» Work order
Could you set down the listing below exactly, leaving out its pictures?
Start of Source data
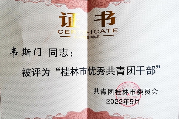 学院驻村第一书记韦斯门老师荣获桂林市“优秀共青团干部
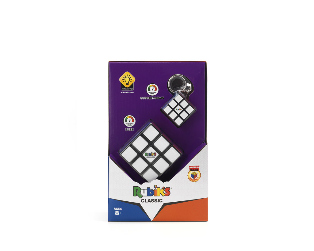 Multibalení obsahující základní Rubikovu kostku 3×3 a funkční přívěsek malé 3×3 kostky.
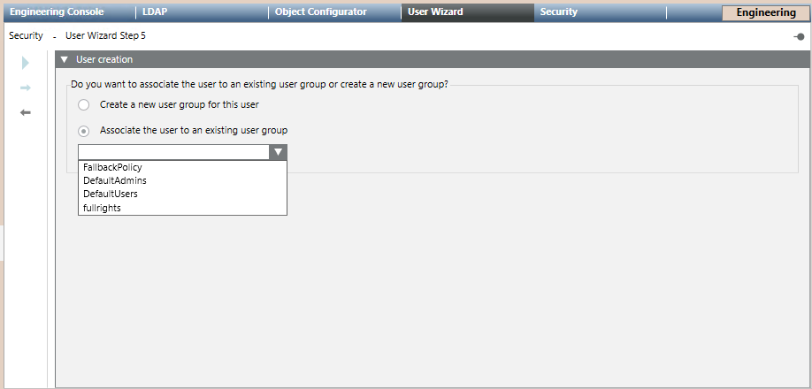 Alternatively select Associate the user to an existing user group and select the group in the drop-down list.
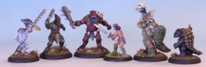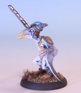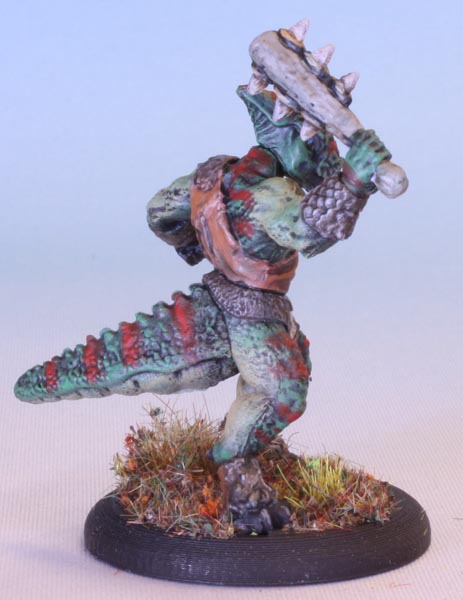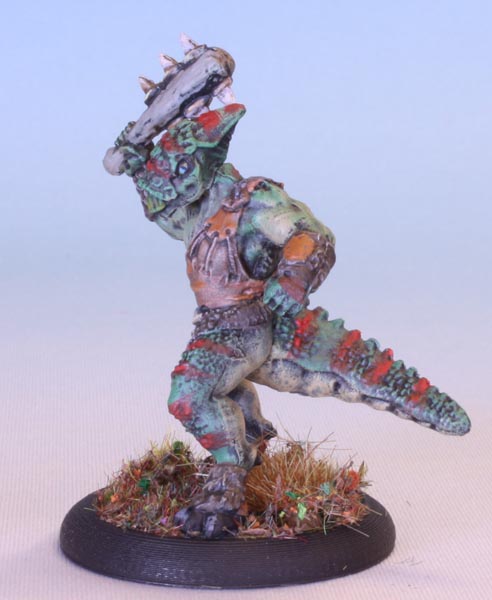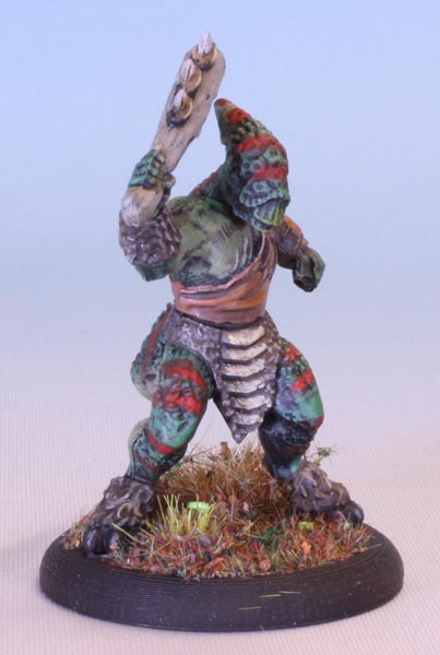 The last couple of weeks have been full up with work and not much time for other things. I have been plonking away at these just a little at a time since my last post about a fortnight ago. These are member of the Sauroid Tribes according to the flavour text. (Assuming the “Sauriod” is a typo, and the later “Sauroid” is the correct name). Each of “these warring tribes are highly territorial and will brook no trespassers on their sacred lands”, and they constantly battle both amongst themselves and with the warlike Jade Fire Clan orcs.
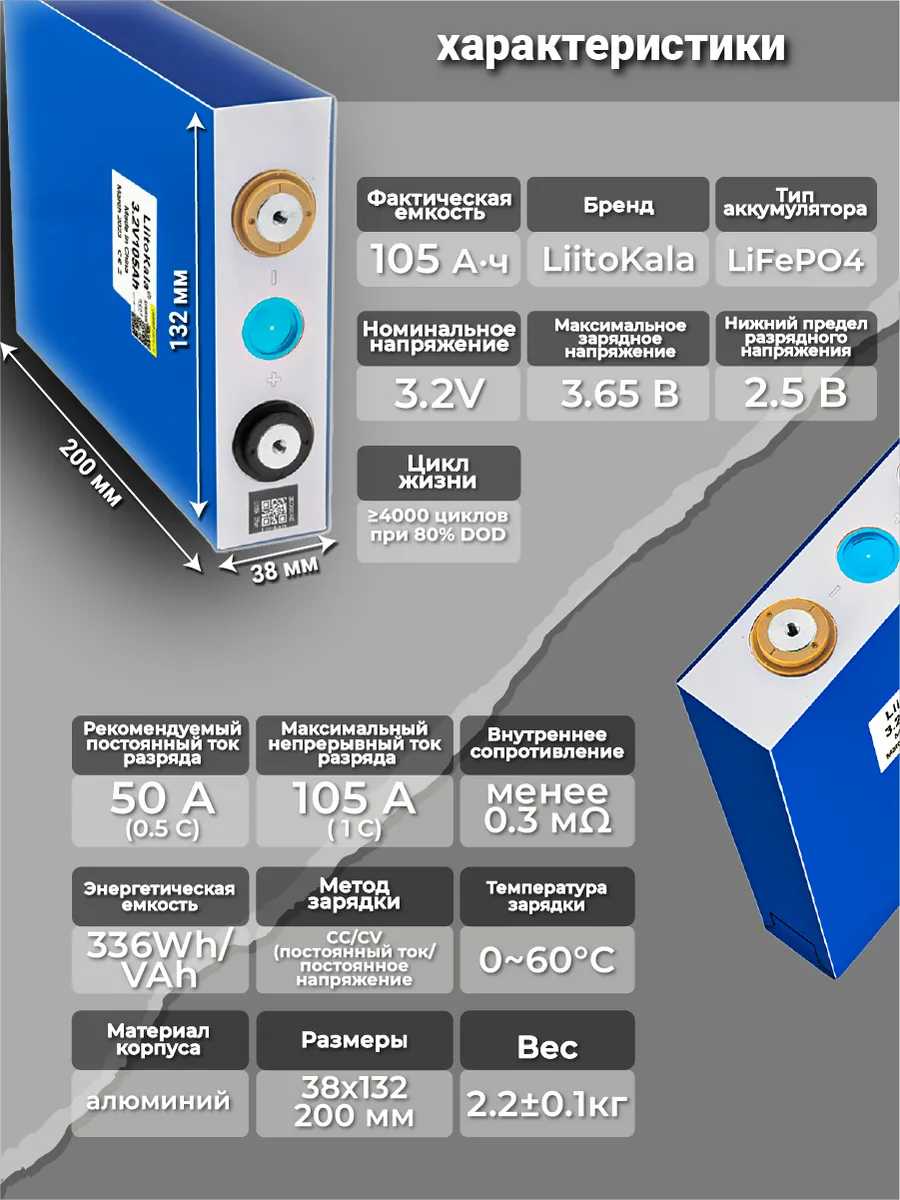 11 отзывов пользователей o LiitoKala LiFePO4 3.2В 105Ah (4шт.)
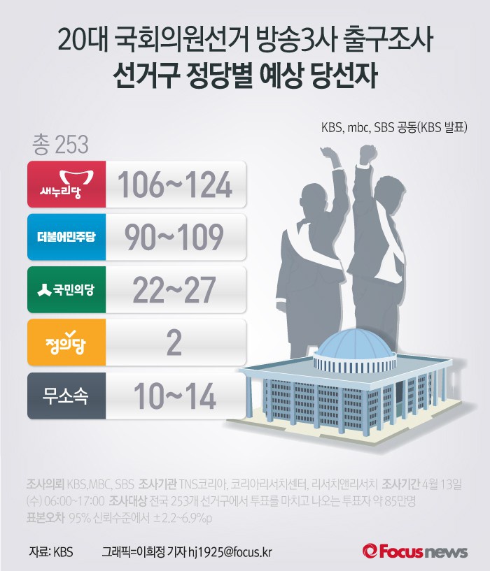 (서울=포커스뉴스) KBS발표 20대 국회의원선거 방송3사 공동 출구조사 선거구 정당별 예상 당선자 비교.
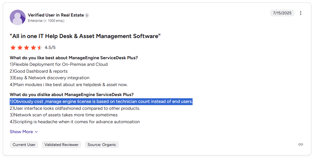 ‘’Obviously, cost, ManageEngine license is based on technician count instead of end users.’’ – G2 Review.
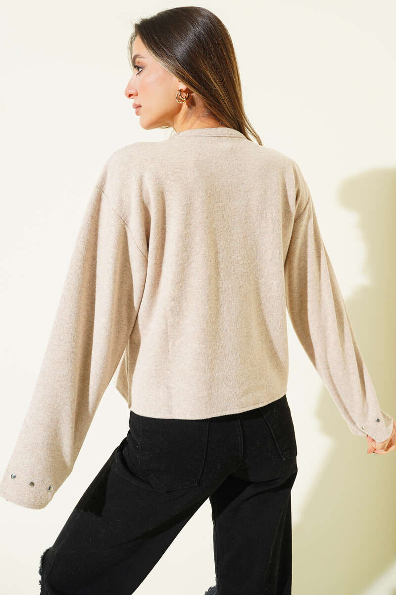 Kuşaklı Kruvaze Yaka Cepli Kaşe Kaban Bej
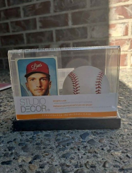 Product details Top highlights ColorBlack BrandStudio Decor Product Dimensions7.2"L x 5.3"W x 7.2"H Frame MaterialPlastic, Engineered Wood Item Weight18.2 Pounds Mounting TypeTabletop Mount Display a baseball and a sports card in this baseball photo display case by Studio Décor. It makes a great accent piece for a bookshelf, coffee table or desk. This acrylic case will be a wonderful addition to a sport-themed café or room. Give it to a baseball enthusiast to make him feel special. Clear case with black base. 7.2” x 3.9” x 5.3” (18.2cm x 9.9cm x 13.4cm). Holds one baseball and one 2.5” x 3.5” (6.35cm x 8.89cm) card or photo. Acrylic, polystyrene and MDF.
End of Source data
» Output of the exercise
 学院驻村第一书记韦斯门老师荣获桂林市“优秀共青团干部
 Multibalení obsahující základní Rubikovu kostku 3×3 a funkční přívěsek malé 3×3 kostky.
 Alternatively select Associate the user to an existing user group and select the group in the drop-down list.
 The last couple of weeks have been full up with work and not much time for other things. I have been plonking away at these just a little at a time since my last post about a fortnight ago. These are member of the Sauroid Tribes according to the flavour text. (Assuming the “Sauriod” is a typo, and the later “Sauroid” is the correct name). Each of “these warring tribes are highly territorial and will brook no trespassers on their sacred lands”, and they constantly battle both amongst themselves and with the warlike Jade Fire Clan orcs.
 11 отзывов пользователей o LiitoKala LiFePO4 3.2В 105Ah (4шт.)
 (서울=포커스뉴스) KBS발표 20대 국회의원선거 방송3사 공동 출구조사 선거구 정당별 예상 당선자 비교.
 ‘’Obviously, cost, ManageEngine license is based on technician count instead of end users.’’ – G2 Review.
 Kuşaklı Kruvaze Yaka Cepli Kaşe Kaban Bej
 Product details Top highlights ColorBlack BrandStudio Decor Product Dimensions7.2"L x 5.3"W x 7.2"H Frame MaterialPlastic, Engineered Wood Item Weight18.2 Pounds Mounting TypeTabletop Mount Display a baseball and a sports card in this baseball photo display case by Studio Décor. It makes a great accent piece for a bookshelf, coffee table or desk. This acrylic case will be a wonderful addition to a sport-themed café or room. Give it to a baseball enthusiast to make him feel special. Clear case with black base. 7.2” x 3.9” x 5.3” (18.2cm x 9.9cm x 13.4cm). Holds one baseball and one 2.5” x 3.5” (6.35cm x 8.89cm) card or photo. Acrylic, polystyrene and MDF.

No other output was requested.